Dev Kumari Parajuli is one amongst thousands who live with a disability in Kathmandu. Dev Kumari, who is also a member of the National Federation of the Disabled in Nepal shared examples of how the lack of accessible toilets in the valley, and in the nation, diminishes her right to a dignified life.

“Every morning, I have to plan what to eat,” she began her story of physical and mental anguish. “I cannot drink too much and have to monitor my solid food intake just in case I might have to use a facility en route. Such problems are not just limited to me, but to thousands of people living with a disability. Can you imagine the discomfort of having to remain hungry an entire day because of the lack of public facilities?”
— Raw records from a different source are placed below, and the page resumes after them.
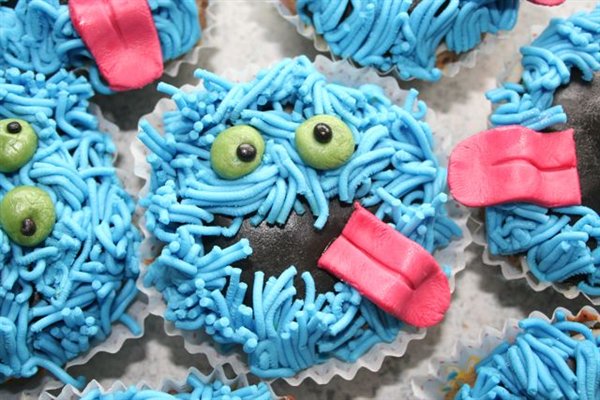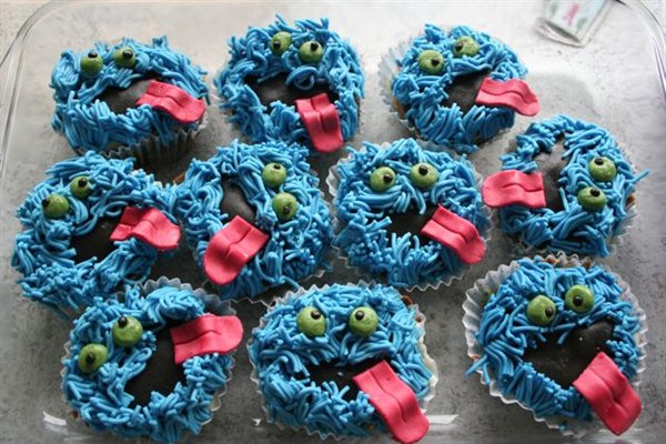 Til mandens fødselsdag med familien lavede jeg monster muffins. Idéen kan jeg ikke tage æren for, men de var dælme sjove at lave.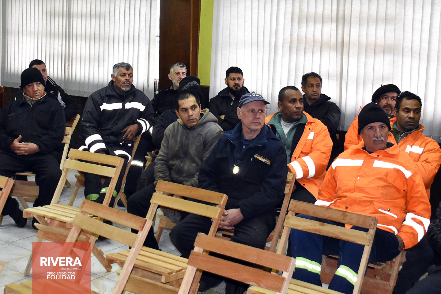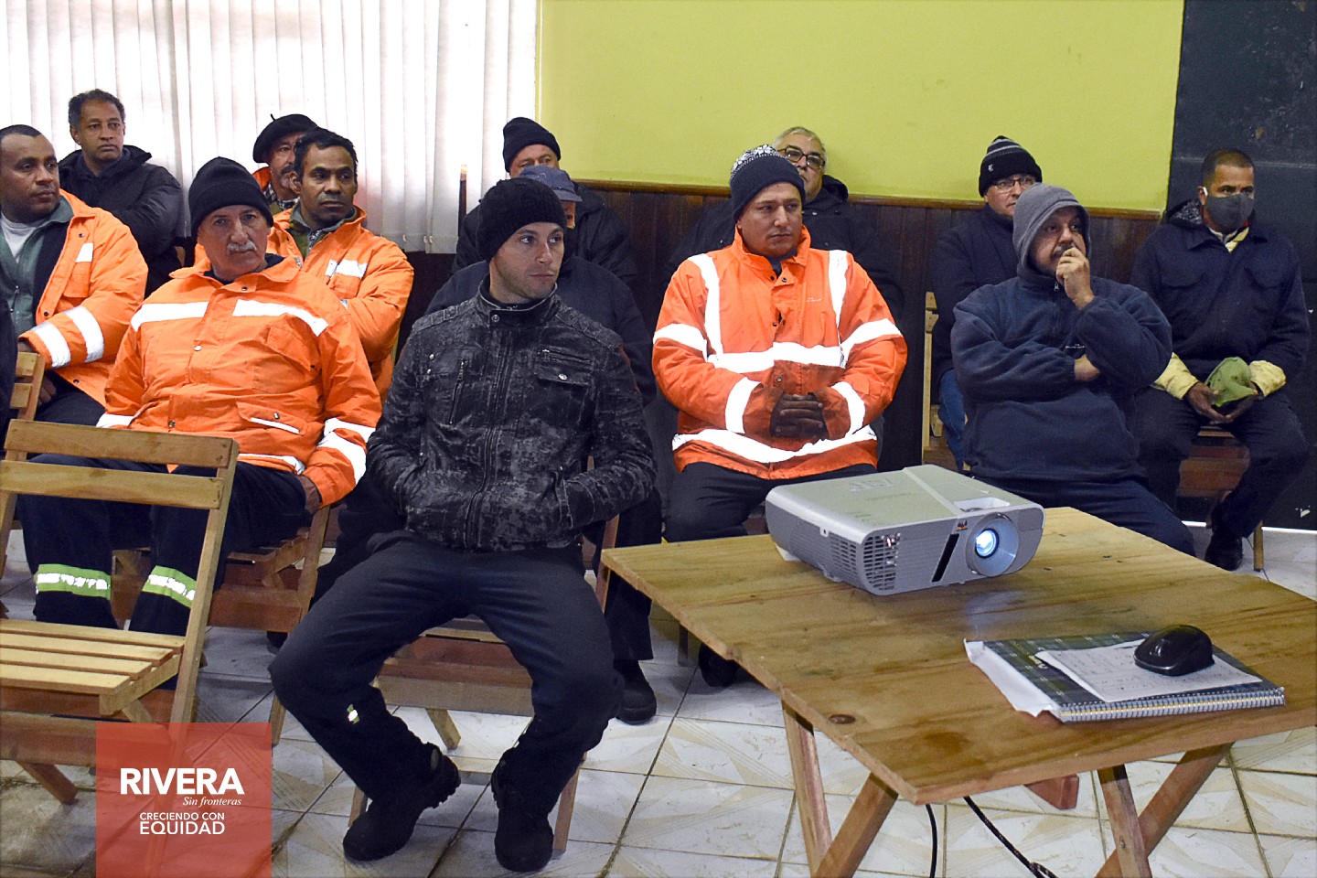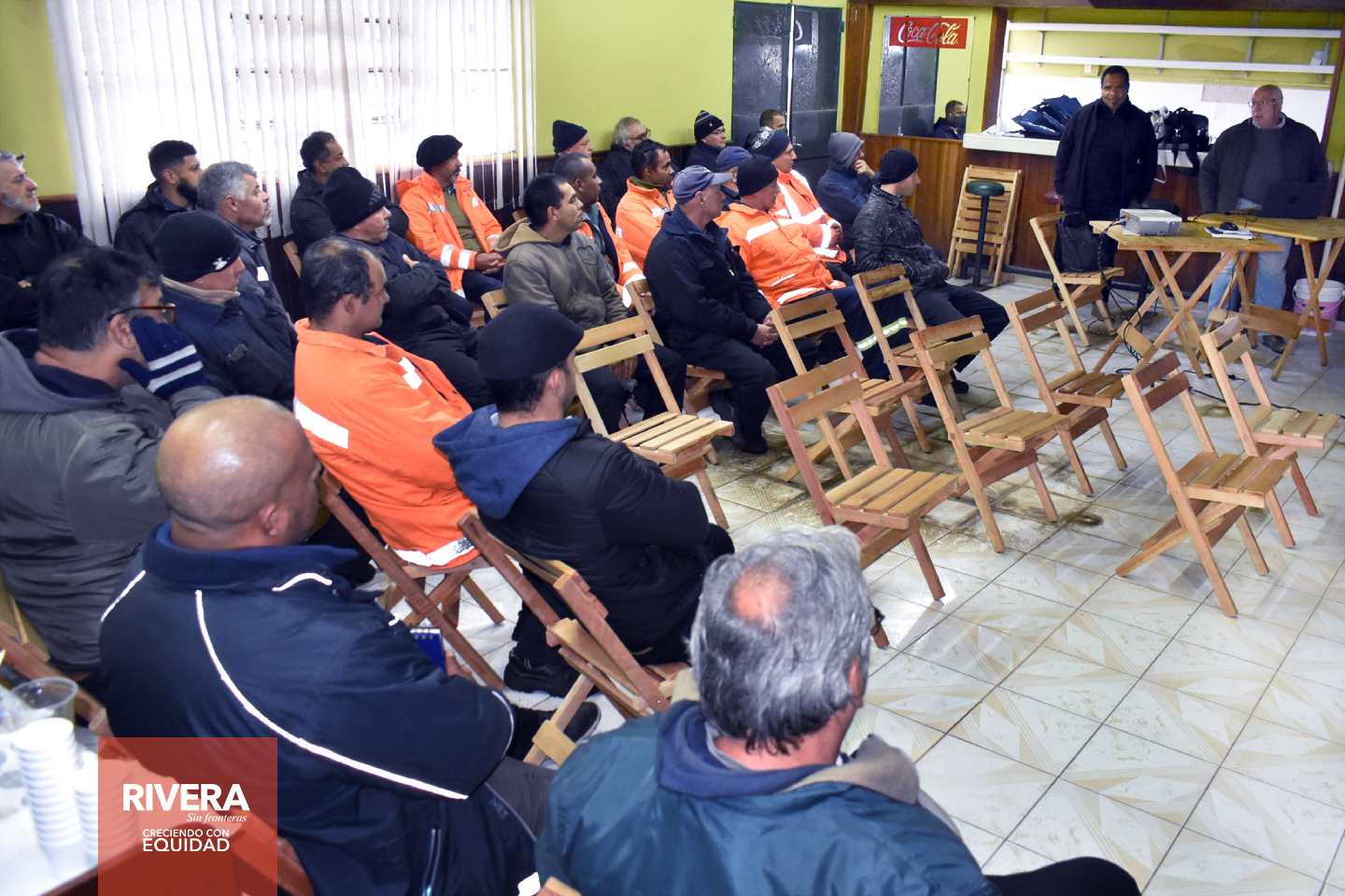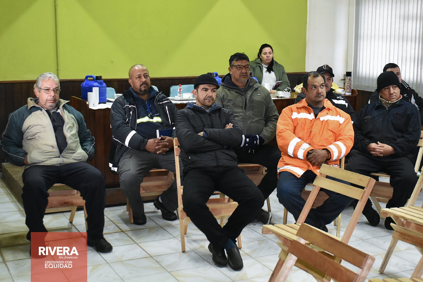 En la jornada del miércoles 18 de mayo, los funcionarios que trabajan en División Talleres del Corralón Municipal, recibieron una importante capacitación: uso y prácticas de diferentes lubricantes y fluidos, brindada por técnicos de ANCAP.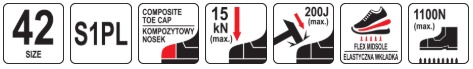 4 mm thick plastic anti-penetration insole that protects the foot from piercing by sharp objects with a pressure of up to 1100 N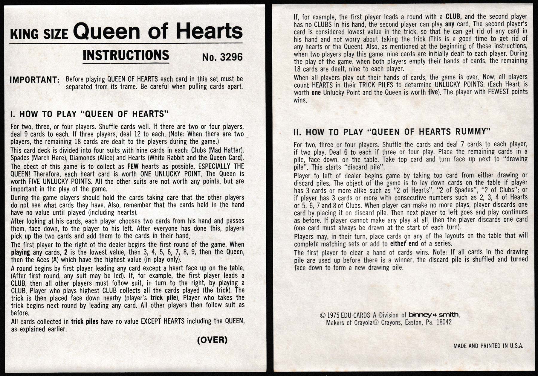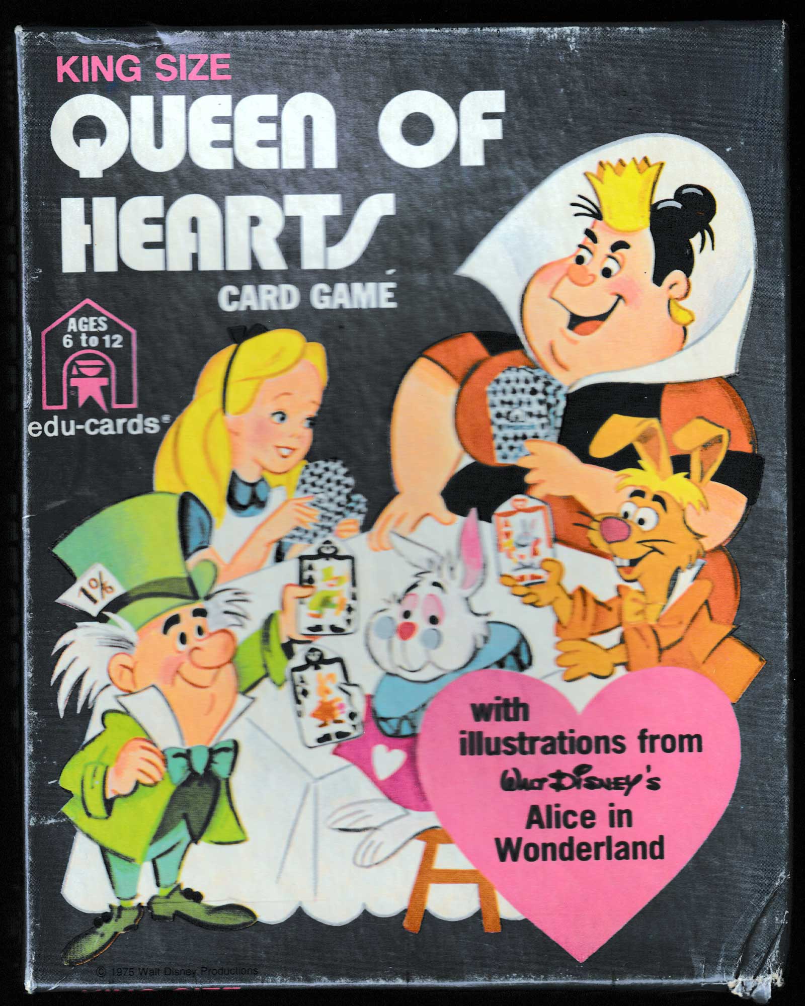 Above: King size Queen of Hearts card game published by EDU-CARDS, a Division of Binney & Smith, Easton, PA, USA, 1975. Made and printed in USA. 36 cards + instructions in drop-lid box. Size: 81 x 135 mm approx. © 1975 EDU-CARDS A Division of Binney & Smith. © Walt Disney Productions

Dev Kumari Parajuli also tells us that like everyone else, she would like to go to a restaurant, have a nice time with her friends, and enjoy some good food. But yet again, toilets prevent her from doing so.



One of the most helpless Devi has ever felt is when she fell inside a toilet. Today, she leads an active life, and tries her best to not allow her disability to prevent her from doing her work – but sometimes lack of accessible toilets makes a difference.

She thinks Kathmandu needs to make lots of improvements in terms of accessibility – be it in providing accessible toilets, facilitating disabled-friendly public transport, and construction of ramps to allow ease of mobility.